Aside from their unusually devout worship, the Reagans are a reflection of U.S. Catholics as a whole, who overwhelmingly believe that Catholic teaching on homosexuality is outdated. That doesn’t make the doctrine wrong, just unpopular. It means that a family that disagrees is part of the American Catholic landscape.

Danny Reagan is played by Donnie Wahlberg, perhaps not coincidentally from a family that is notoriously Catholic in a complicated way. Mark Wahlberg’s career has ranged from real-life racial violence and on-screen profanity to the Hallow prayer app. Jim Wahlberg just made a film about the Eucharist, Jesus is thirsty. Donnie himself leads a public life that sometimes conflicts with Catholic teaching. The TV Reagans aren’t nearly as wild as the real-life Wahlbergs, but the message is similar: Catholic family life is complicated.

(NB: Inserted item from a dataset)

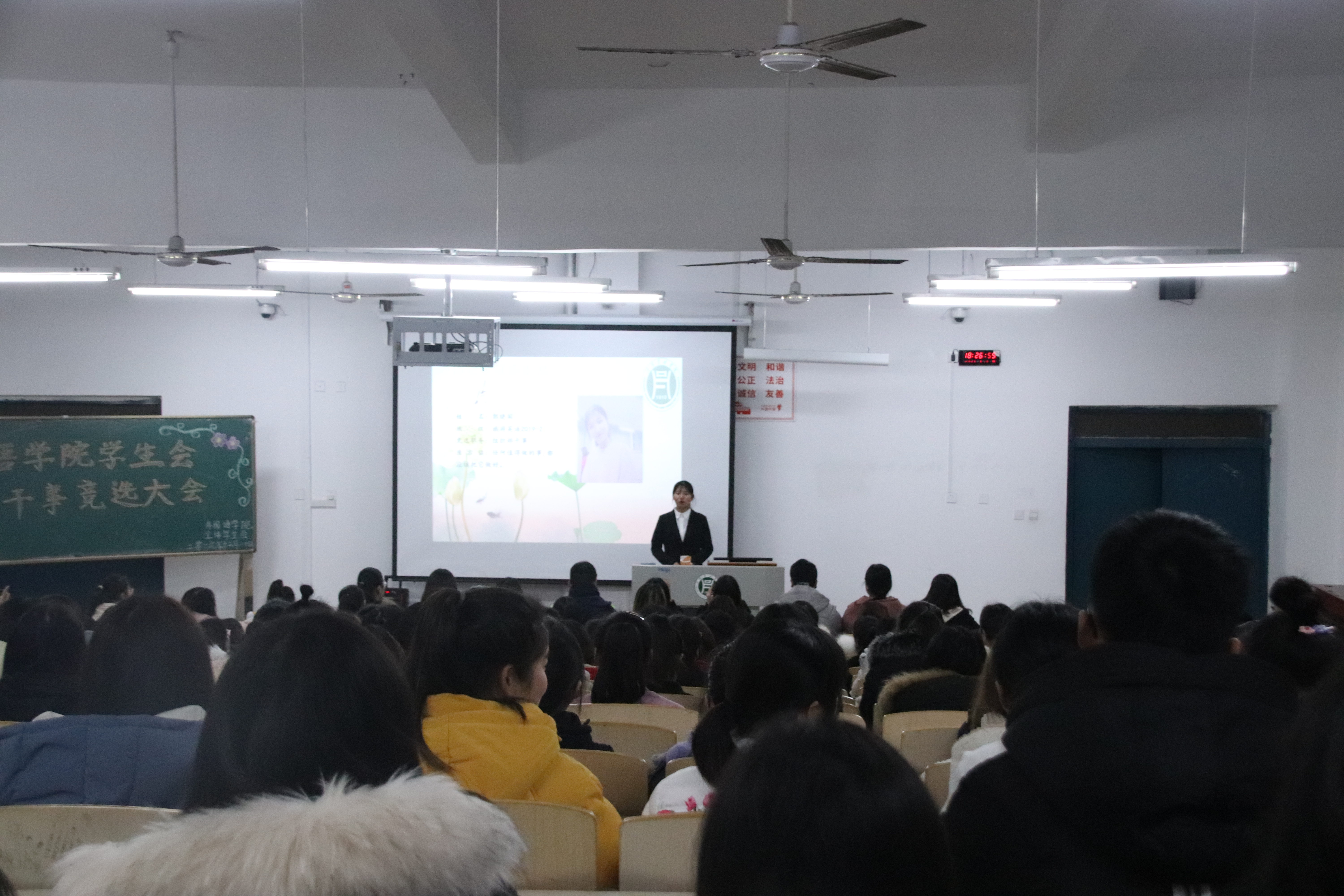 本次干事竞选大会的成功举办,不仅提高了学生会成员工作的积极性,而且为学生干部队伍注入了新的生命力。我院学生会成员将秉承着“严以律己,宽以待人”的原则,为同学们提供更加周到完善的服务,为我院未来的学生工作的建设发展添砖加瓦。(外国语学院)
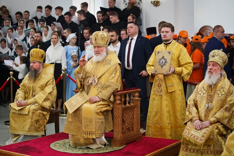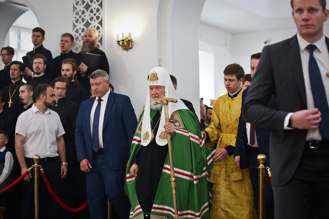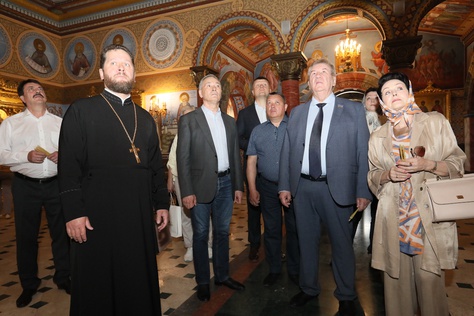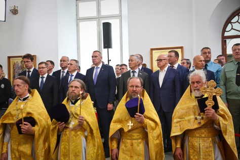 "caption": "Участники Совета Законодателей трёх регионов перед началом заседания посетили храм святой мученицы Татианы в Когалыме, освящённый патриархом Кириллом. Фото: dumahmao.ru",

Reagan’s family life is unusual in one respect, especially for network television. The main characters Henry, Frank and Danny are all widower fathers. It’s a show that’s unusually about men, about fatherhood, about good men striving to live authentic masculine virtue. In the early seasons, Frank was credited with possible love interests, but as the series matured, the show went in the opposite direction. Married Danny joined his widowed father and grandfather when his wife was murdered.

In a 2020 phone interview with executive producer and writer Kevin Wade – a self-described practicing Catholic – I asked about the focus on men and male characters. Was this a conscious focus at a time when the crisis of masculinity has become a cultural, political and economic problem?

Wade objected. Rather, he said, there is power in “storytelling about people who are so committed to their public service that their personal lives suffer.” After speaking to some priests about the show, it’s a sacrifice.”

Perhaps that is why Frank Reagan had a long friendship with the New York archbishop, with whom he shared a remarkable bond. The police commissioner is primarily concerned with subordinates and rivals; The archbishop is something like a peer. In the final season, they take to the streets together incognito – as does Theodore Roosevelt, New York’s first police commissioner – and fear that they have lost credibility as leaders among their respective flocks.

Some of the most powerful episodes revolved around fatherhood, faith and forgiveness. Frank, who had to cope with the murder of his son by corrupt police officers in his own department, knows his loss. He goes to the bedside of a dying gangster to apologize for his own role in the deaths of his wife and grandson. And after Frank has repented, he invites the gangster to confess – not to Frank, but to a priest he has brought with him to prepare the gang boss for eternity.

Another rival is an activist black pastor who stirs up racial animosity against the commissioner. The priest’s son is murdered and Frank offers him the compassion of a father who knows what it means to suffer at one’s own hands. Reconciliation comes when the priest invites Frank to give a eulogy at the funeral.

What will Frank say? What he wanted to say at his own son’s funeral, but he didn’t have the strength at the time. He quotes Aeschylus in Agamemnon:

“And even in sleep the pain that cannot be forgotten falls drop by drop on our hearts, and in our own despair, against our will, wisdom comes through the terrible grace of God.”

For 14 years, with the grace of God, the Reagans endured the rigors of police work on Friday nights. A community of spectators joined them in the midst of cultural crises of faith, fatherhood and brotherhood to join a Catholic family that found strength and comfort every Sunday in the Lord’s house and at the dinner table.